# Anybody crossfit?



## stone_dragone (Jan 3, 2008)

A coworker of mine has just shown me a few crossfit exercise videos...they look like a great workout.  

Are there any MT members with any "crossfit" experience?  What do y'all think about it if you do it?

http://www.crossfit.com


----------



## rompida (Jan 3, 2008)

I did it for about a year, following the daily workouts on the website.  There are some great concepts, exercises, videos and routines in there.  But, I also had several minor injuries related to their workouts, which would put me on the bench for a week or so.  Met Pukie a couple of times also - which I've heard is a sign that the body is getting more negative results than positive. Some might say my form probably wasn't correct, or something along those lines.  Perhaps, but I need something I can do at home, by myself. 

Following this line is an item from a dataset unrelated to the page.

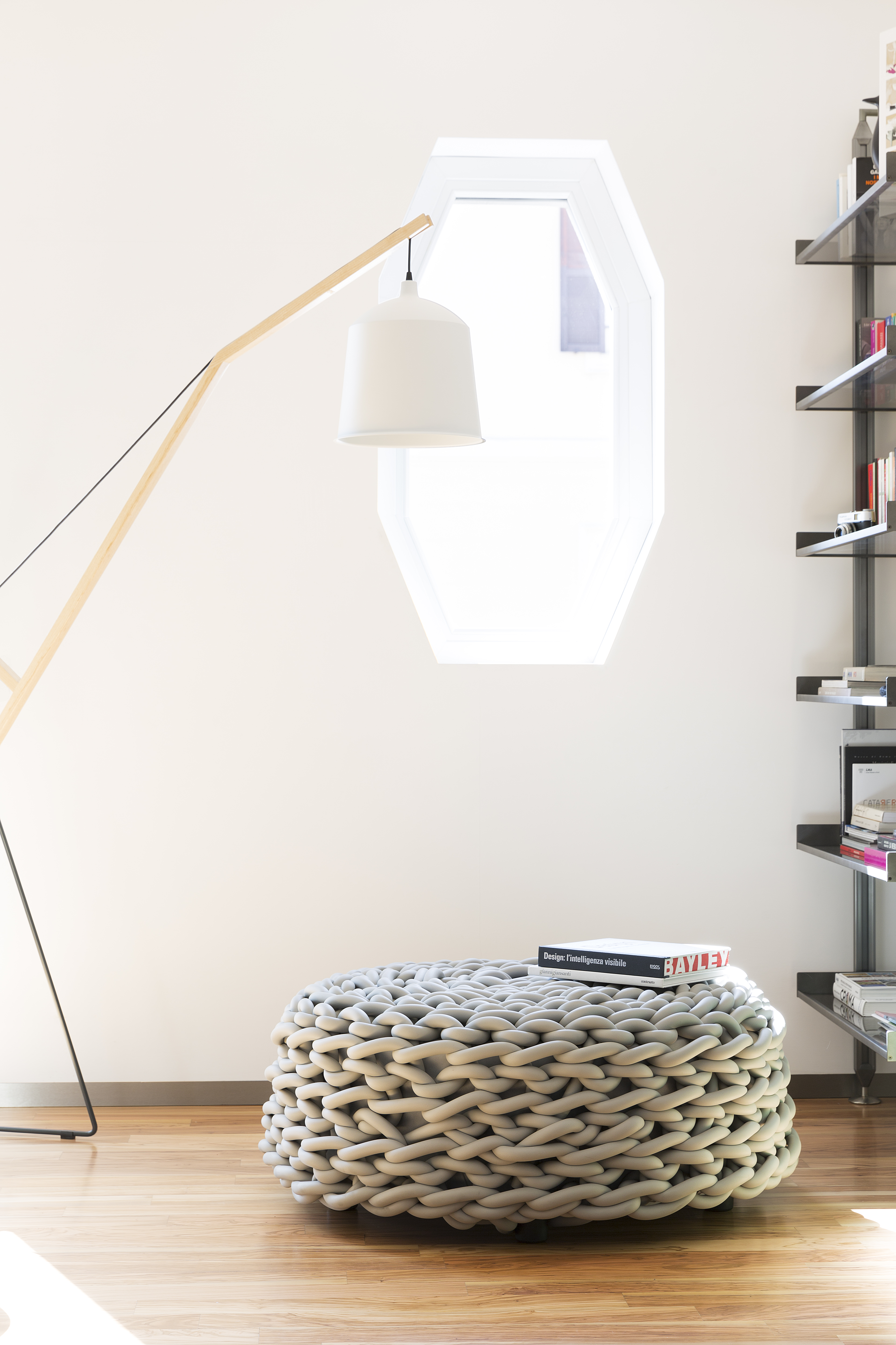 Rebels poufs are made with a neoprene thread of various thicknesses, flexible and soft to the touch, hand woven according to artisan techniques.

Anyway, I now do SOME of the crossfit workouts, and alternate them with other workouts I find.  I got more gains in strength and size by doing this.  With crossfit I had a lot of trouble breaking through plateaus.


----------



## ArmorOfGod (Jan 3, 2008)

I haven't used any Crossfit, but the BJJ school down the road offers it.

AoG


----------



## towknee (Jan 3, 2008)

I never heard of it until I saw your post. The combative video examples are very cool.   I like those. 
I made some notes on several of their exercises that they demonstrate. I have no problem believing these folks are very fit.  
Thanks.


----------



## Cruentus (Jan 13, 2008)

I've been doing crossfit lately; mainly the workout of the day (WOD) to supplement my other training. I love it. The method totally kicks ***.

Here are some youtube clips of some cross fit people doing some workouts. "Julie" whoever she is, is a friggin' beast! 

http://www.youtube.com/watch?v=MiCj1mTKuXY&NR=1
http://www.youtube.com/watch?v=M6i-UvB_8V0&NR=1




http://www.youtube.com/watch?v=4o-RM6ebuis&feature=related


----------



## Cruentus (Jan 13, 2008)

http://www.youtube.com/watch?v=IVBgKB4Gnsw&NR=1

These don't seem like a whole lot, until you do them. These workouts will kick your ***, in a good way...


----------